The filmmaker, who studied to be an editor at the Film and Television Institute of India (FTII) in Pune, fell in love with movies in the unlikeliest of places. “I was 12 years old when we lived in the small Nigerian town of Zaria. My parents loved watching movies, and there was little else to do for entertainment. Every week we drove half an hour away to the Lebanon Club, where they screened Hollywood films in the open air. On the drive back home, we always discussed the film — those were my first film appreciation classes,” reminisces Krishnaswamy.
While she began her editing career in films soon after she graduated, Krishnaswamy made her first documentary film in 1988. Although she had been writing scripts consistently, it wasn’t until NFDC’s Screenwriters’ Lab 2009 selected Gangoobai that she decided to take on a feature film project.
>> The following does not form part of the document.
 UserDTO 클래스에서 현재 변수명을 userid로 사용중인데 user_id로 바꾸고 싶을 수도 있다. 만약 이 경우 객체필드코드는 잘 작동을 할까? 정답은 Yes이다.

“I got extremely lucky with the cast of Gangoobai,” says Krishnaswamy. “I always knew I wanted Purab Kohli to play the role of the boy-next-door accountant, but I had no idea who to cast as Gangoobai.” After she watched Sarita Joshi’s performance on a television show, Krishnaswamy knew she’d found her lead actor. She texted Joshi and instantly got a positive response.
“Gangoobai’s character appealed to me a lot, I just had to accept the role,” says Joshi, who was busy shooting for television show Chand Chupa Baadal Mein then. “It fascinated me that the story wasn’t about her dreaming of the perfect home or children. Gangoobai’s story was about her desiring something so desperately that she just had to have it, even though everyone else laughed at her.”
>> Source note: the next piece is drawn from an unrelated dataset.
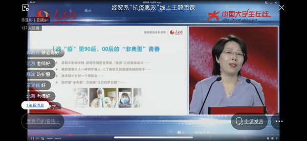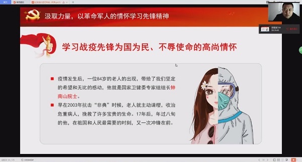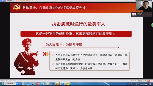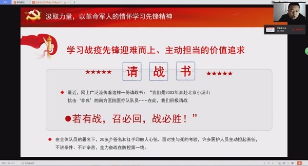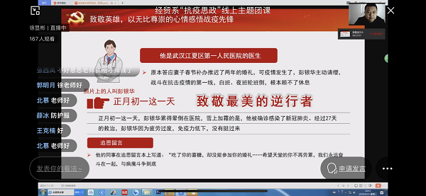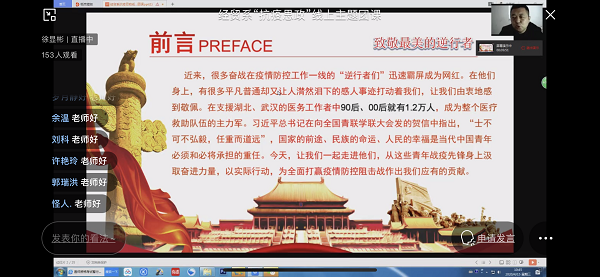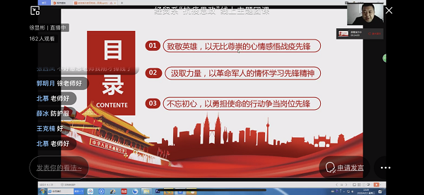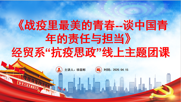 4月15日经济贸易系团总支开展了“抗疫思政”线上主题团课活动,通过线上抗疫思政主题团课课件讲解、抗疫思政主题视频《战疫里的最美青春--谈中国青年的责任与担当》的观看学习,对系部共青团员进行思想引导,将疫情提出的全方位议题,转化为爱国主义教育的生动素材。

The film has been screened at four film festivals already. Apart from festivals in Mumbai and Goa, the film has also travelled to Vietnam and Canada. “I was amazed that people sat through a one-hour delay in Goa to watch the film. It was thanks to the loyal audience that Sarita and Purab have and because of the word-of-mouth praise they had received from the Mumbai screening,” says Krishnaswamy, overwhelmed by the response to the film.